I headed down to processing instead. It was the office where they tagged and organized evidence before filing it away in a warehouse for the rest of eternity.
I’d only ever seen one woman working the desk there. Ivy was older than dirt but sharper than shale. She worked in a cinder block room in the basement of the OPA office. Its high windows were barred. There were three aisles of tables with evidence waiting to be filed. Everything was tagged with slips of pink, yellow, blue, and green paper.
I’m sure it seemed organized to Ivy, but it looked like insanity to me.
She snapped her fingers when she saw me come through the door and said, “Case File 4457-A. I’m on top of it.”
“Thanks, Ivy,” I said.
Ivy went searching for my
case file number, shuffling between the tables, pushing her glasses up the bridge of her nose, muttering to herself.
A CD on the table next to me caught my eye. It was sitting in the sunlight label-down and casting a rainbow on the wall. It was tagged with green paper.
“What’s green mean?” I asked.
Ivy didn’t even look at me. “Evidence seized by the Union.”
“It gets mixed up in here too?”
“Oh yes. That’s a good way of putting it. ‘Mixed up.’ I swear to you, if they would just take care to label things before sending them to me…” Ivy sniffed delicately. “The Union is the worst about it, too. I just had two boxes of evidence from Costa and Dawes brought to me, and it’s like they were deliberately attempting to obfuscate their evidence! It’ll take days for me to review and sort through it all. Days.”
The disc had been taken from Eduardo and Joey? While Ivy was still distracted, I flipped the disc over. It had been printed with a time and date—the day before Erin’s murder. And Ivy was right about obfuscation. Someone had blacked out the case number with marker.

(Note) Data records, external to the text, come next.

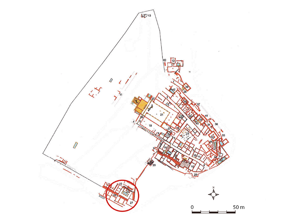 En caso de formar parte de la misma domus, dada la cota de esta planta, estos espacios podrían estar desempeñando funciones de servicio tales como almacenes y cocina, mientras servirían de base estructural para el piso superior situado a la cota del patio. Es posible que ambos pisos estuvieran conectados a través de una escalera, cuya caja no se ha conservado, pero que podría ubicarse en la estancia 6 por su morfología alargada y estrecha. Somos conscientes de la prudencia que exigen los restos conservados a la hora de elaborar una hipótesis de estas características, pero consideramos que la ubicación de ambas plantas y la técnica constructiva de la planta inferior podrían estar indicando una conexión entre ellas, a pesar de no haberse conservado el indicio material de una escalera (fig.7).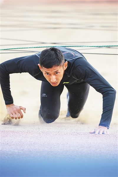 中国选手潘玉程在军事五项男子个人全能障碍跑比赛中。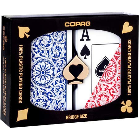 Specification: Copag 1546 Design 100% Plastic Playing Cards, Bridge Size Red/Blue (Jumbo Index, 1 Set)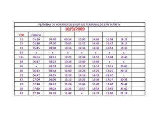 This document contains a schedule of departure times for buses leaving the Terminal de San Martin on October 9, 2009. It lists the bus numbers and their scheduled departure times at 15:10, 07:40, 09:54, 12:00, 14:08, 16:09 and 18:21. There are schedules for 14 bus lines with numbers ranging from 15 to 87.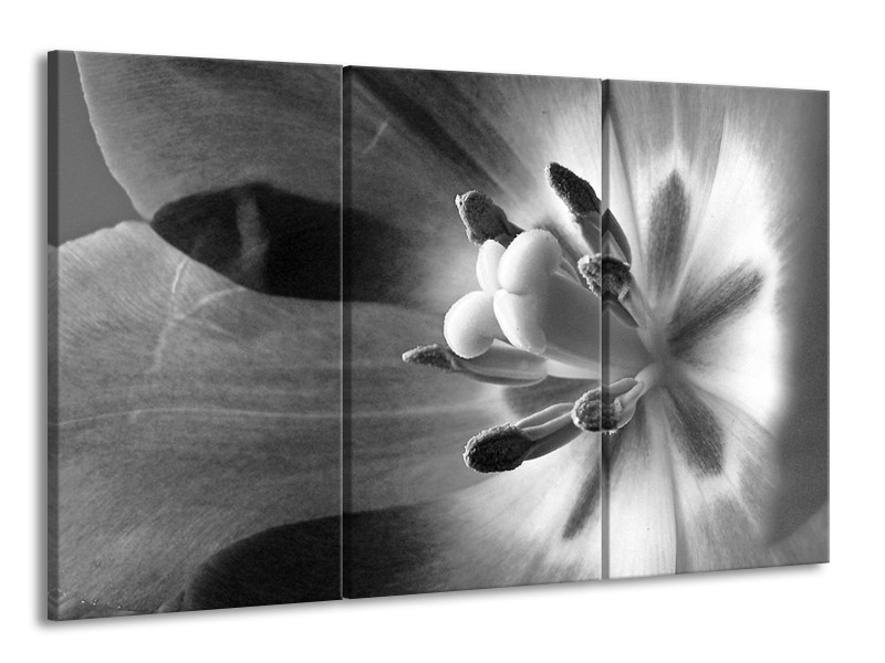 Canvas Schilderij Bloem | Zwart, Wit, Grijs | 165x100cm 3Luik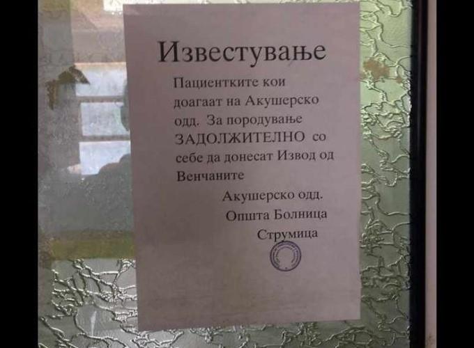 Naime uprava bolnice napisala je da "pacijentkinje koji dolaze da se porode moraju da donesu sa sobom i izvod iz knjige venčanih". Pri tom reč "obavezno" je posebno naglašena i napisana velikim slovima.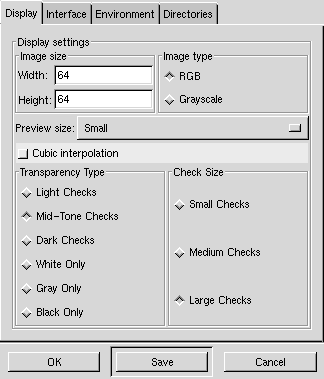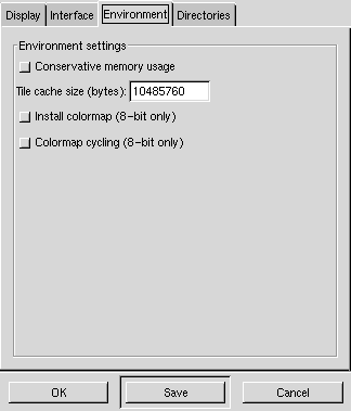 The Preferences dialog reads data from both the system gimprc and a user's personal .gimprc file. Saving the preferences updates the user's personal .gimprc file. Only settings actually changed in the Preferences dialog will be saved. This gives the system administrator an easy way to make global changes, but also means that behavior may suddenly change if a new version of the GIMP is installed.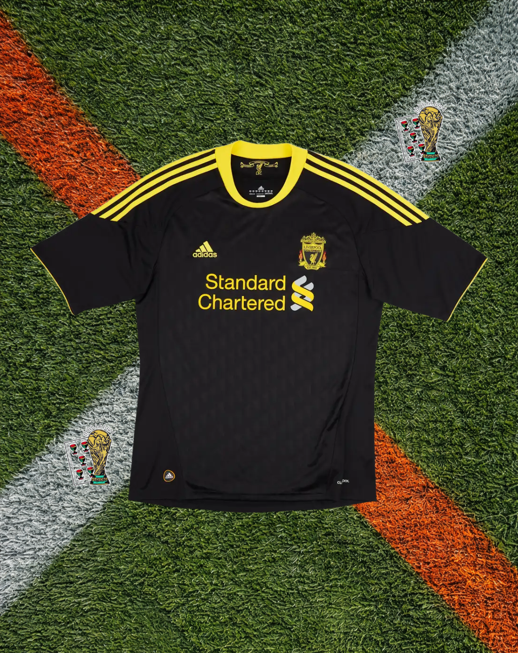 This bold third kit stands out with its stealth black base, electric yellow detailing, and three-stripe Adidas shoulders, making it one of the most unique Liverpool shirts of the early 2010s. Featuring the early years of the Standard Chartered sponsorship era, this design combines modern performance tech with unmistakable 2010s football nostalgia.

I grabbed it. Tucked it into my pocket.
Ivy turned around, setting a box on the table in front of me. It had a pink label. Why did the Union get to be green when Magical Violations was freaking pink? “The personal effects taken from your apartment will take longer to return. We need to seize them from the LAPD. Everything you need to do your job should be in here, however.”
I took the box from her. I managed a smile.
“Thanks.”
CHAPTER TWENTY-FIVE
I went home to check out the CD in privacy.
It was the first time I’d taken my work-issued laptop back to my apartment. I sat at my kitchen table as the disc drive whirred to life, nursing a tall glass of chocolate-flavored protein powder and almond milk. It wasn’t sitting well in my cramping stomach, but I needed the sustenance. Anything but another energy potion.
Before I opened the video program, I checked to make sure the Wi-Fi and Bluetooth were turned off—didn’t want the laptop reporting to the OPA that I was reviewing stolen evidence. It might have been paranoid, but whatever. I felt like I had earned some paranoia.